# Staffpad and Panning



## MadLad (Jul 31, 2021)

Hey my fellow composers,

I now own all of CineSamples and Berlin Orchestra and some Spitfire staff. It's great to interchange the instruments in compositions because you can really fine tune everything. I can get the sound I want depending on the library I choose. Problem is, CineSamples and Berlin Orchestra aren't panned completely the same. On top of that, I'm pretty sure the solo instruments or at least some of them (like the solo horns in Berlin Brass) are always panned center.

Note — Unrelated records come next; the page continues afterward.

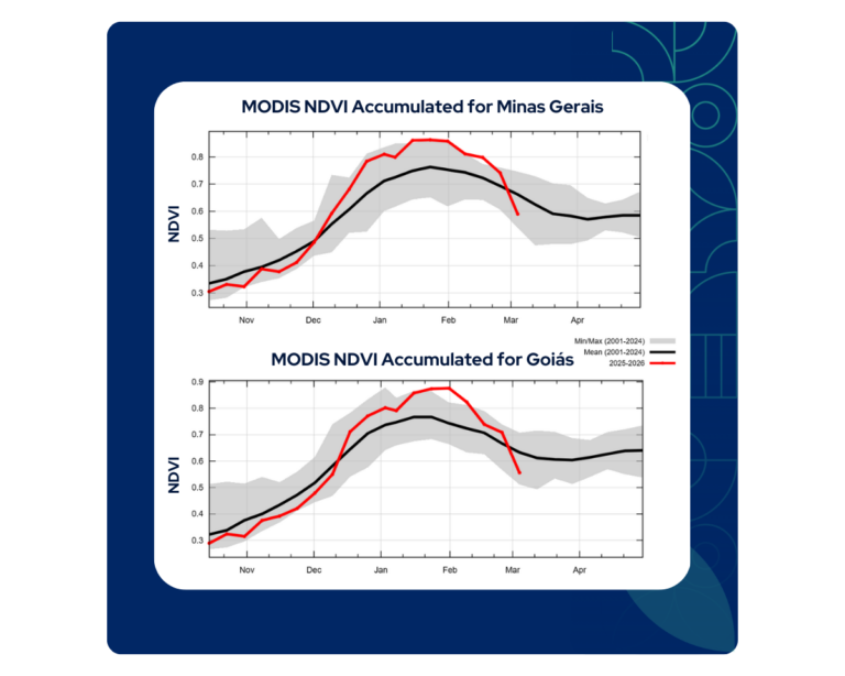 - Soil Moisture: National soil moisture levels remained close to the median (98%), while Goiás and Minas Gerais recorded above-median levels at 101% and 107%, respectively.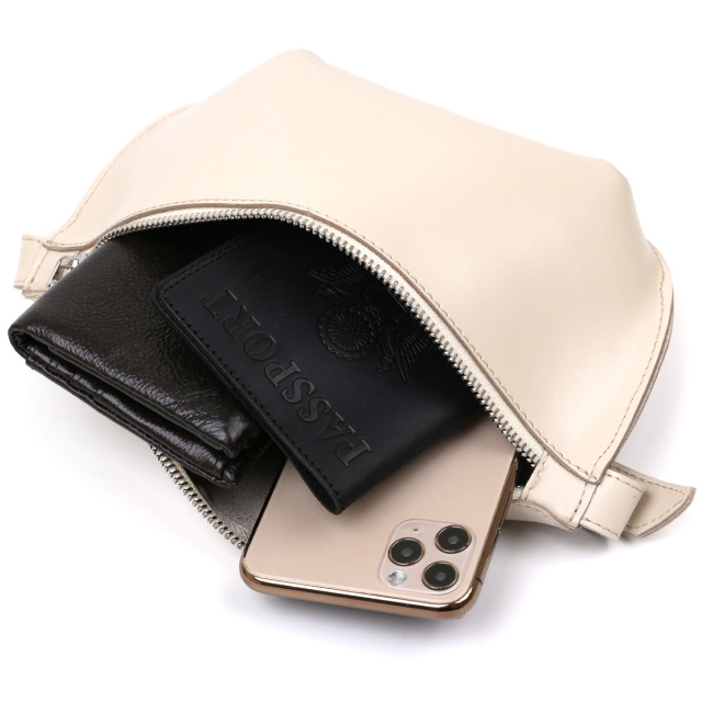Стильна жіноча бананка із натуральної шкіри Shvigel 16391 Бежевий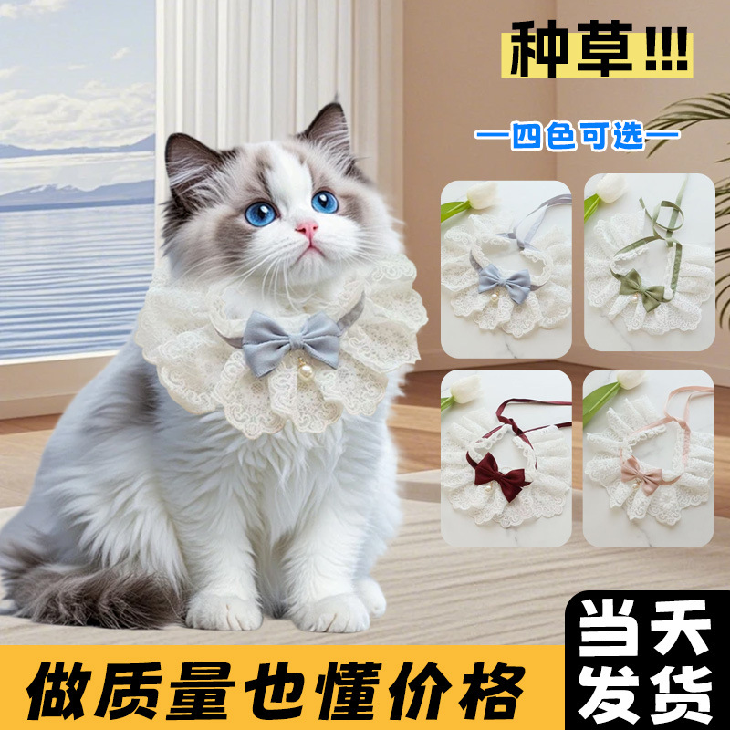 New Pet Saliva Towel Cat Happy Birthday Bib Pet Scarf Cute Cat Neck Collar Wholesale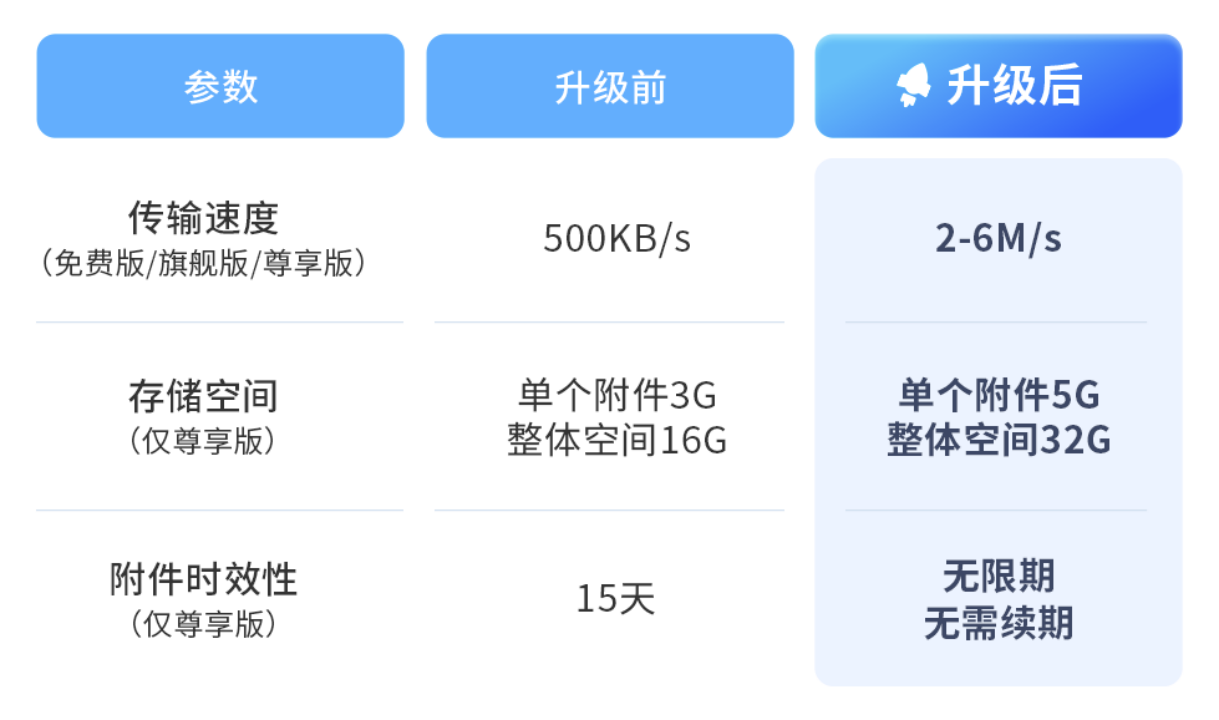 雲端信息存儲是(shì)企業(yè)及員(yuán)工(gōng)常用♣×¥&(yòng)的(de)存儲方式,高(gāo)速的(de)傳輸速度和(hé)龐大(dà)的(de) ®"存儲空(kōng)間(jiān)則為(wèi)雲端存儲提供了(le)極大(dà)的★σ(de)便利和(hé)效率。通(tōng)過'σ←•雲附件(jiàn)的(de)升級,将傳輸速度由500KB/s提升至 2-6M/s,極大(dà)提升傳輸效率;尊享版在提升傳輸速度的(de)同時(shí),對(duì)存儲空(kōng)間(jiān)也(yě≤β)做(zuò)了(le)擴容升級,單個(gè)附件(jiàn)大(dà)小(xiǎo)由3G提升至5G,整體(tǐ)存儲空(kōng)間(jiān)由16G提升至32G,"€且附件(jiàn)永不(bù)過期,無需續期。開(kāi)通(tōn₹π©g)尊享版,即可(kě)暢享高(gāo)速傳輸★ "和(hé)無憂存儲。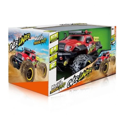 Maisto Tech R/C’s Overlander is large and in charge. Large tires and suspensions define the radio contolled vehcile as an item that can handle rough terrain. The vehicle has an off-road styling, and the roof has a utilty rack system that is equpped with accessories. The Overlander is ready to explore!

I don't suppose anyone of you has a guide or a list, how these instruments are panned exactly and how you can pan them perfectly when you use all of the instruments interchangeably? I want to get as close to the real sound as possible and that's why I prefer that the orchestra players don't change seats in the middle of performance like they do when I swap the libraries in my music.


----------



## Jett Hitt (Jul 31, 2021)

I never quite understand the fixation with this. Different conductors seat their orchestras differently, and they will change seating based on the instrumentation of a work. Sometimes they will change it to accommodate the acoustics of a hall. Type orchestral seating into a search engine and click on images. Got 4 horns? They are often, but not always, a little left of center. Got 6? They are likely right in the middle.


----------



## MadLad (Jul 31, 2021)

I know, I know. That's not the problem. The problem is when I use CineBrass 2 horns, they are all the way left but then I switch to Berlin Brass and the horns are suddenly all the way to the right. It's fine if you change the panning with each piece but it is unrealistic if it happens in the middle of a piece


----------



## MauroPantin (Jul 31, 2021)

Panning can be adjusted from the instrument menu. Like so:






That being said, it's probably better to export the stems and get them into a DAW to do proper stereo image processing. You can get them to sit at the right place with something like Panagement.


----------



## MadLad (Jul 31, 2021)

Thanks didn't know about panagement. I will check it out. It's still kind of annoying to always readjust the panning with each piece because of the different libraries


----------



## MauroPantin (Jul 31, 2021)

Depending on where you adjust it, a good way to avoid having to re-do the work each time is to set up templates. Both Staffpad and any modern DAW allow for this. If you adjust the panning within Staffpad just save as a template and you are set. If you are adjusting with Panagement, then a mixing template is always a time saver and your DAW should allow you to save all the settings and tracks, ready for you to import the stems next time.


----------